[Stored items]
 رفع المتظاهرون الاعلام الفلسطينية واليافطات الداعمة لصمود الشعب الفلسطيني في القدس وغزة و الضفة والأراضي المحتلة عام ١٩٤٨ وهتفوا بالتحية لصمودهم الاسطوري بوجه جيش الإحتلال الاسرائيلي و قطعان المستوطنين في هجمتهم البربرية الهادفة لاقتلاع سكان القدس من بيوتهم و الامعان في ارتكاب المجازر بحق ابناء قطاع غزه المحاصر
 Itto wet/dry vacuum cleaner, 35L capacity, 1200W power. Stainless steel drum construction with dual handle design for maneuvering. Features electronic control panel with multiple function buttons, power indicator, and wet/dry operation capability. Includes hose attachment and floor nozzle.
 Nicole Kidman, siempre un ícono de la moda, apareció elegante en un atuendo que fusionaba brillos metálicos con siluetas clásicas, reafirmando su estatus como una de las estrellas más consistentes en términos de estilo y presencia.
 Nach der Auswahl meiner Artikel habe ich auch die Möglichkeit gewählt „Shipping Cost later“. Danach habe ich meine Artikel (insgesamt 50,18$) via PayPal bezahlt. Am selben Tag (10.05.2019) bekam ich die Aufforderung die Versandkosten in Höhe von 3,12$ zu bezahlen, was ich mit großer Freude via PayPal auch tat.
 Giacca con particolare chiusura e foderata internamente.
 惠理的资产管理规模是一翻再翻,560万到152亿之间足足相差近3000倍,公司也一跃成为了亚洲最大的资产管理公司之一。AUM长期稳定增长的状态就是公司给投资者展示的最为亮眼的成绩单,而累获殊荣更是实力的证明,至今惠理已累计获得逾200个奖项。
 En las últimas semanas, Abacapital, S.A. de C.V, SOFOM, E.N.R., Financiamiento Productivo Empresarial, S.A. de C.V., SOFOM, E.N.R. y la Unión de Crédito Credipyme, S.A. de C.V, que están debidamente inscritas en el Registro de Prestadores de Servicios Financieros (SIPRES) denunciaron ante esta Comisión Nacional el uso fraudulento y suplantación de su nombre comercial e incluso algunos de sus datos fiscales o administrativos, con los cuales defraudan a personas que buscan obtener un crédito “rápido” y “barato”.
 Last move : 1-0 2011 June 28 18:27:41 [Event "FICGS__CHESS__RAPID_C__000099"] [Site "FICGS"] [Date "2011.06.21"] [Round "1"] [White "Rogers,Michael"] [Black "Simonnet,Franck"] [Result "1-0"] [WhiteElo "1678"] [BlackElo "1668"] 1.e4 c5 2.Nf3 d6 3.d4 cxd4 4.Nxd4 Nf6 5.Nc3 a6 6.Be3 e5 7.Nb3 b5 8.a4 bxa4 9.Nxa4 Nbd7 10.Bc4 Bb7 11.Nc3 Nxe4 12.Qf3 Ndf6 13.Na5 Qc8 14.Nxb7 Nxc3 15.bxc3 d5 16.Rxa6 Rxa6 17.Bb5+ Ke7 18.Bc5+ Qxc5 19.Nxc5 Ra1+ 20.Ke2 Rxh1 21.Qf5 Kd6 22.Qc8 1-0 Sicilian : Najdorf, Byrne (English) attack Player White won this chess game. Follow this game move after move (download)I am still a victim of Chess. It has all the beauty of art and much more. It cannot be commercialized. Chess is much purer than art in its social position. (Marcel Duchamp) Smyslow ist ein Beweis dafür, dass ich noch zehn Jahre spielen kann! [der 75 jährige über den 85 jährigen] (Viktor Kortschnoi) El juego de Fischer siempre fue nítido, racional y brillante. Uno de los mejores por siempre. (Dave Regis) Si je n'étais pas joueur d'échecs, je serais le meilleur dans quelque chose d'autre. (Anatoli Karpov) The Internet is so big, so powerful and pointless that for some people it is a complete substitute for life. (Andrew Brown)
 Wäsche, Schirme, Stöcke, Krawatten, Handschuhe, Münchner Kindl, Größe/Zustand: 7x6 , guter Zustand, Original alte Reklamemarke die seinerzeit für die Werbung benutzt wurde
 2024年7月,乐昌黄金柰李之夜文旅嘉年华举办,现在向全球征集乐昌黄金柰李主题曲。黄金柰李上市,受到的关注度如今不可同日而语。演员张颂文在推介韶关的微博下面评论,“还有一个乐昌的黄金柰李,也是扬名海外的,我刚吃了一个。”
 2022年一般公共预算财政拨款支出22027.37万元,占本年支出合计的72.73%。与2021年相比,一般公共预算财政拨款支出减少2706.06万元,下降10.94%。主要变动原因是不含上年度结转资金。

> [The problem]: Can you give every line above again, exactly as written?

> [Response]:
 رفع المتظاهرون الاعلام الفلسطينية واليافطات الداعمة لصمود الشعب الفلسطيني في القدس وغزة و الضفة والأراضي المحتلة عام ١٩٤٨ وهتفوا بالتحية لصمودهم الاسطوري بوجه جيش الإحتلال الاسرائيلي و قطعان المستوطنين في هجمتهم البربرية الهادفة لاقتلاع سكان القدس من بيوتهم و الامعان في ارتكاب المجازر بحق ابناء قطاع غزه المحاصر
 Itto wet/dry vacuum cleaner, 35L capacity, 1200W power. Stainless steel drum construction with dual handle design for maneuvering. Features electronic control panel with multiple function buttons, power indicator, and wet/dry operation capability. Includes hose attachment and floor nozzle.
 Nicole Kidman, siempre un ícono de la moda, apareció elegante en un atuendo que fusionaba brillos metálicos con siluetas clásicas, reafirmando su estatus como una de las estrellas más consistentes en términos de estilo y presencia.
 Nach der Auswahl meiner Artikel habe ich auch die Möglichkeit gewählt „Shipping Cost later“. Danach habe ich meine Artikel (insgesamt 50,18$) via PayPal bezahlt. Am selben Tag (10.05.2019) bekam ich die Aufforderung die Versandkosten in Höhe von 3,12$ zu bezahlen, was ich mit großer Freude via PayPal auch tat.
 Giacca con particolare chiusura e foderata internamente.
 惠理的资产管理规模是一翻再翻,560万到152亿之间足足相差近3000倍,公司也一跃成为了亚洲最大的资产管理公司之一。AUM长期稳定增长的状态就是公司给投资者展示的最为亮眼的成绩单,而累获殊荣更是实力的证明,至今惠理已累计获得逾200个奖项。
 En las últimas semanas, Abacapital, S.A. de C.V, SOFOM, E.N.R., Financiamiento Productivo Empresarial, S.A. de C.V., SOFOM, E.N.R. y la Unión de Crédito Credipyme, S.A. de C.V, que están debidamente inscritas en el Registro de Prestadores de Servicios Financieros (SIPRES) denunciaron ante esta Comisión Nacional el uso fraudulento y suplantación de su nombre comercial e incluso algunos de sus datos fiscales o administrativos, con los cuales defraudan a personas que buscan obtener un crédito “rápido” y “barato”.
 Last move : 1-0 2011 June 28 18:27:41 [Event "FICGS__CHESS__RAPID_C__000099"] [Site "FICGS"] [Date "2011.06.21"] [Round "1"] [White "Rogers,Michael"] [Black "Simonnet,Franck"] [Result "1-0"] [WhiteElo "1678"] [BlackElo "1668"] 1.e4 c5 2.Nf3 d6 3.d4 cxd4 4.Nxd4 Nf6 5.Nc3 a6 6.Be3 e5 7.Nb3 b5 8.a4 bxa4 9.Nxa4 Nbd7 10.Bc4 Bb7 11.Nc3 Nxe4 12.Qf3 Ndf6 13.Na5 Qc8 14.Nxb7 Nxc3 15.bxc3 d5 16.Rxa6 Rxa6 17.Bb5+ Ke7 18.Bc5+ Qxc5 19.Nxc5 Ra1+ 20.Ke2 Rxh1 21.Qf5 Kd6 22.Qc8 1-0 Sicilian : Najdorf, Byrne (English) attack Player White won this chess game. Follow this game move after move (download)I am still a victim of Chess. It has all the beauty of art and much more. It cannot be commercialized. Chess is much purer than art in its social position. (Marcel Duchamp) Smyslow ist ein Beweis dafür, dass ich noch zehn Jahre spielen kann! [der 75 jährige über den 85 jährigen] (Viktor Kortschnoi) El juego de Fischer siempre fue nítido, racional y brillante. Uno de los mejores por siempre. (Dave Regis) Si je n'étais pas joueur d'échecs, je serais le meilleur dans quelque chose d'autre. (Anatoli Karpov) The Internet is so big, so powerful and pointless that for some people it is a complete substitute for life. (Andrew Brown)
 Wäsche, Schirme, Stöcke, Krawatten, Handschuhe, Münchner Kindl, Größe/Zustand: 7x6 , guter Zustand, Original alte Reklamemarke die seinerzeit für die Werbung benutzt wurde
 2024年7月,乐昌黄金柰李之夜文旅嘉年华举办,现在向全球征集乐昌黄金柰李主题曲。黄金柰李上市,受到的关注度如今不可同日而语。演员张颂文在推介韶关的微博下面评论,“还有一个乐昌的黄金柰李,也是扬名海外的,我刚吃了一个。”
 2022年一般公共预算财政拨款支出22027.37万元,占本年支出合计的72.73%。与2021年相比,一般公共预算财政拨款支出减少2706.06万元,下降10.94%。主要变动原因是不含上年度结转资金。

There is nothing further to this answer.